When you think of the Easter holiday, you likely have this perfect vision of a family gathering, perhaps an Easter egg hunt with the kids, and everyone laughing and smiling. Reality can be almost the opposite at times. At least one thing gets burned, the siblings are in a fight because one got more eggs in the hunt than the other, and three family members came down with the spring flu.
The Food Matters, But…
Yes, everyone looks forward to a nice family meal. Whether you go with some traditional favorites like ham and mashed potatoes, or you decide to grill out, it doesn’t really matter. What matters is the time spent with family and friends being thankful for the blessing of this holiday.
- Choose a meal plan that is not going to stress you out.
- Don’t overlook the value of a pitch-in. Everyone brings a dish and you provide the meat and drinks.
- You can even dine out if you plan ahead. The goal is to bring everyone together over a meal. There’s no rule that you have to cook it.
When it comes to kids, thinking ahead about things that trigger sibling feuds can go a long way toward avoiding them. If the kids fight every year over who grabbed the most eggs, then dye the eggs in several colors and each person can only pick up eggs of their own color.
Of course, kids will be kids and they might find something else to argue over. Try to let them settle it on their own but also be ready to step in with an activity to distract them from their squabble.
Do you have a Debbie Downer in your family? You know this person. No matter how positive or happy the occasion, he or she finds something to bring everyone down. Perhaps you comment on how pretty the dyed eggs turned out this year, and Debbie has to point out that you didn’t buy cage free eggs and go into detail about the travesty of the poultry industry.
C’mon, admit it. You know someone like this. The best course of action is to not let Debbie bring everyone down. If necessary, just change the subject. Debbie must be pretty miserable with her life to try to make everyone else so miserable. Maybe some of your joy will rub off on her.
If all else fails, give Debbie a gift you bought just for her. Few people can stay negative when handed a gift for no reason at all. It just makes one happy.
For a truly memorable gathering, start a few new traditions. Perhaps you could work as a group to help a charity. Everyone could bring items for the local food pantry, for example. Another idea would be to have everyone talk about what Easter means to them and why they are glad to be there. It doesn’t really matter what the tradition is, only that you have the tradition to remember for the rest of your life.

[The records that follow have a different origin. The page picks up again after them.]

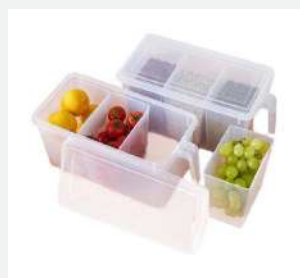
Food organization and storage containers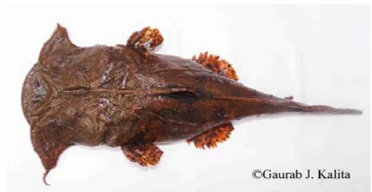
Fig 48: Chaca chaca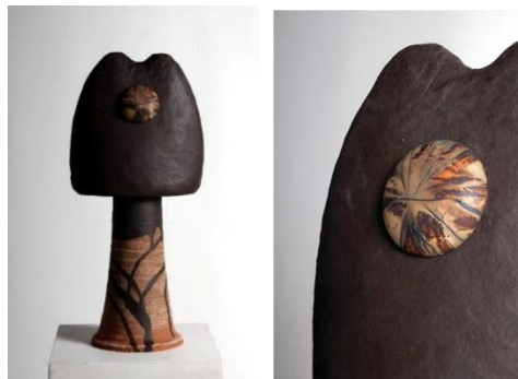
Figure 23. Magna Mater no. 11 (2015). Forming by hand and turning; Rosette: Casting sludge, Sagar firing. Chamotte mud; 41 × 19 × 13 cm; 1,240°C

It can be said that the protruding surfaces in this work, which gives a feeling of discomfort at first sight, evoke the movements of a baby in the womb. These surfaces can be interpreted as an indicator of a tight abdomen and the hands and feet of the baby who is constantly in motion. It can also be claimed to be a microbe or an organic substance. In this context, the blackness of the work can be said to be an indication of the suffering of the woman or the manifestation of the troubled process she was in (Figure 22).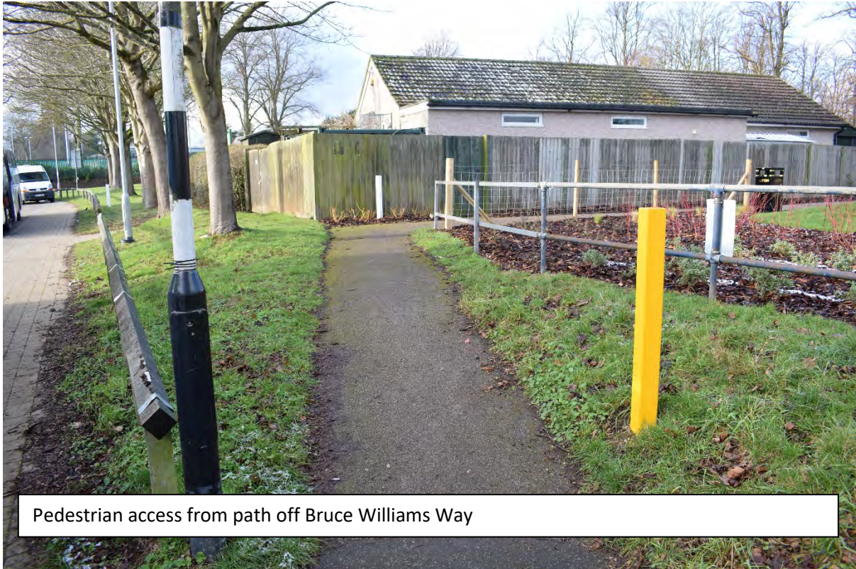
Pedestrian access from path off Bruce Williams Way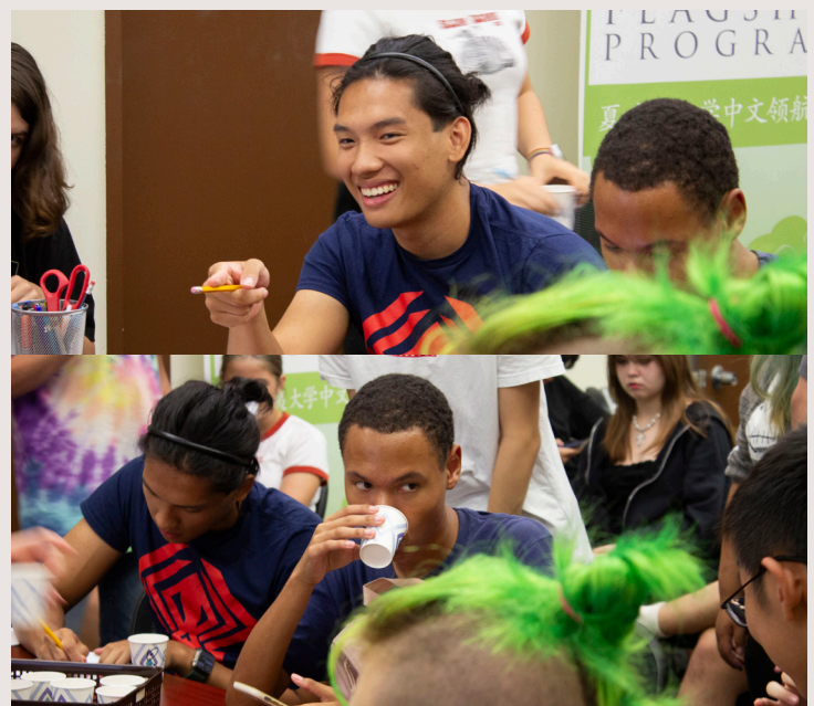
Participants enthusiastically participating in the competitive tea flavor matching game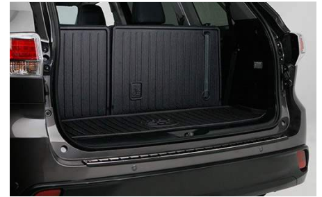
Cargo Liner $140.50

The Towing Hitch Ball is designed and tested to meet Highlander and Highlander Hybrid's towing specifications and quality standards. It works seamlessly with the accessory Towing Hitch.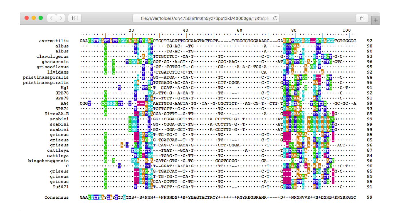
Figure 2: Amplicon with the target site for each primer colored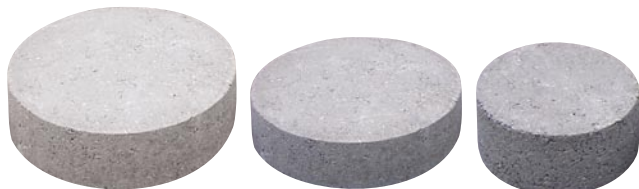
Pole Pads 14", 12", 8" Diameter x 3 5/8" Deep

'Practically' perfect; gain a foothold with County Materials' pole pads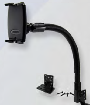
SM588 / IPM588 18" Flexible Aluminum Gooseneck Seat Rail or Floor Mount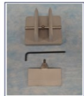
Figure 2 TA-TPB Fixture used for testing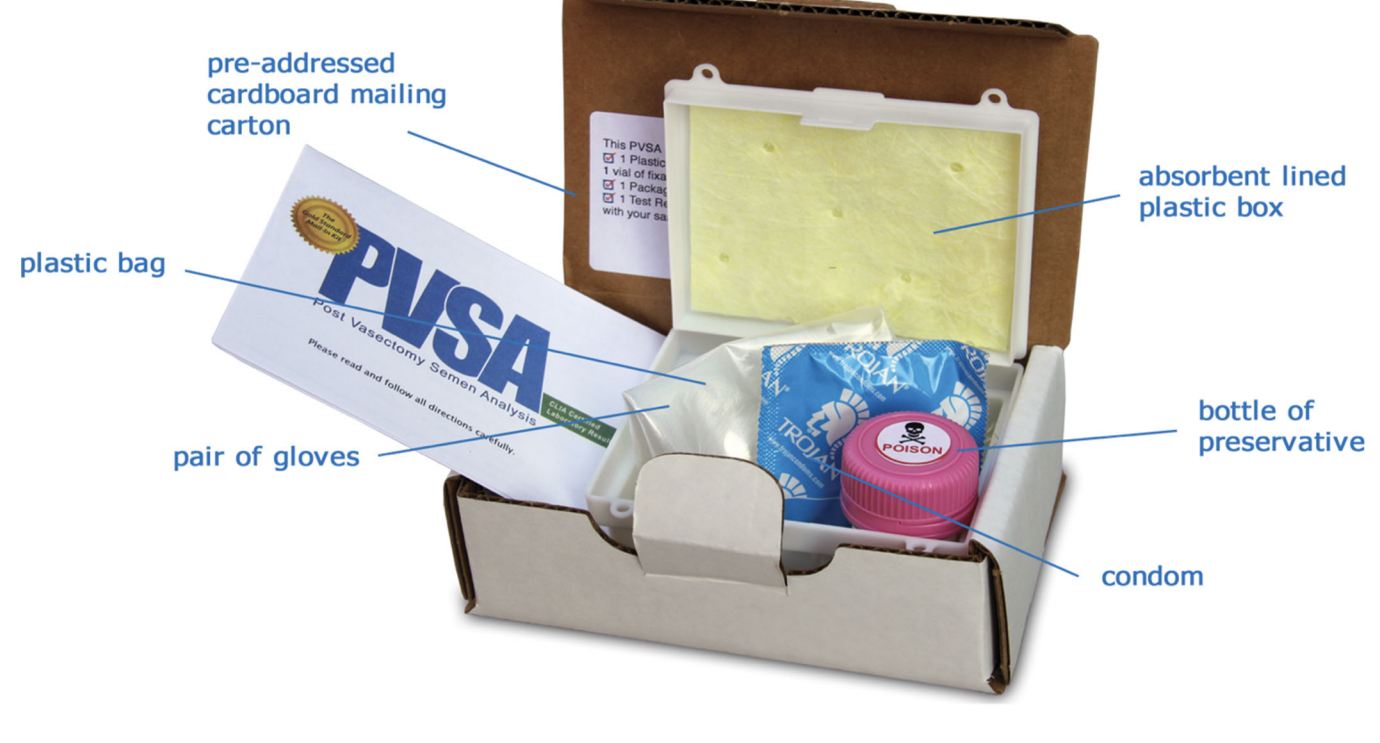
FIGURE 1 Picture of postvasectomy semen analysis (PVSA) kit

Service approved seamless plastic transport box with absorbent liners, originally designed to mail 15-ml urine specimens for testing. The instructions direct the patient to collect a semen specimen in the condom by either masturbation or intercourse, wait 30 min, then add the entire volume of the specimen to the bottle of fixative. The fixed specimen of approximately 8.5–13 ml is returned to the seamless plastic transport box with absorbent liners placed inside the pre-addressed cardboard mailer for return to a clinical laboratory for hemacytometer analysis.

When I was a little girl, my grandmother always bought the kids chocolate bunnies for Easter. You know, the little hollow ones with the hard candy eyes? Only, I never liked chocolate as a kid and really don’t like it much as an adult. So, my grandma always got me a white chocolate one. Even though my grandmother has been gone for many years, when Easter comes around and I see those little chocolate bunnies, especially the white ones, I think of my grandma and the memory brings a smile to my face.
What memories will you build for future generations?